Certains récits ravagent les esprits… Alors que les
trois semaines d’errance du navire de secours Ocean Viking, en
Méditerranée, sont encore dans tous les esprits en tant que révélateur du
désastre européen des politiques migratoires, les révélations du Monde –
insupportables – sur les conditions du naufrage d’une embarcation de fortune
transportant des migrants, survenu le 24 novembre 2021 dans la Manche,
nous laissent sans voix et provoquent un profond sentiment de honte et de
colère. Les faits s’avèrent terribles, puisque les investigations sur ce drame,
un an après l’ouverture d’une information judiciaire, révèlent qu’au moment où
la tragédie se produisait les occupants du bateau ont appelé à de très
nombreuses reprises les secours français. La divulgation des communications en
atteste : malgré les cris et les pleurs, audibles sur les
enregistrements, aucun moyen de sauvetage n’a été envoyé…
Ce jour-là, vingt-sept corps furent repêchés, dont
ceux de six femmes et d’une fillette. Il n’y eut que deux survivants, pour ce
qui reste le naufrage le plus grave depuis que des migrants entreprennent de
rejoindre l’Angleterre à bord de canots pneumatiques. La localisation exacte du
bateau avait d’ailleurs été communiquée dans la nuit, à deux reprises, au
centre régional opérationnel de surveillance et de sauvetage maritimes (Cross)
du Gris-Nez (Pas-de-Calais), composé de militaires et sous l’autorité du préfet
maritime de la Manche et de la mer du Nord. Pourtant, en toute inhumanité, le
Cross n’enverra aucun moyen de sauvetage et se contentera de saisir le centre
de coordination des secours anglais, à Douvres.

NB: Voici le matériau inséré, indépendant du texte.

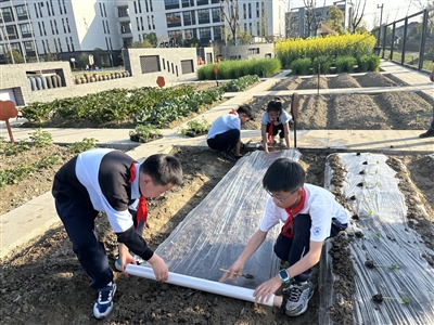3月27日,新一季农作物开种了。502班的同学们,来到菜地里种起了黄瓜和番茄。同学们有的拔草,有的锄地,有的种苗,有的浇水,一个个干得热火朝天。他们在技术指导员汪老师的带领下为菜地铺上了地膜,后期还准备给蔬菜搭棚。504班计划种植秋葵和花生,同学们提前把土地都翻了一遍,然后分头寻找种苗,等准备好小苗就可以种植了。405班的同学们打算种植番薯,只等4月中旬播种的时间一到,他们班的承包地里也要忙活起来了。

Pire, une opératrice du Cross a
même menti aux occupants en leur disant de garder leur calme et que les secours
arrivaient… Cynisme absolu.
Cette sordide histoire, qui s’apparente à un délit
majeur de non-assistance à personnes en danger, s’est déroulée en France, et
toute une chaîne de commandement a fermé les yeux jusqu’à provoquer l’irréparable,
la mort d’êtres humains. Depuis ces révélations, nous sommes frappés par le
silence assourdissant des autorités, de l’exécutif… et de la plupart des médias
dominants. Comme la marque infâme d’une banalisation poussée à l’extrême.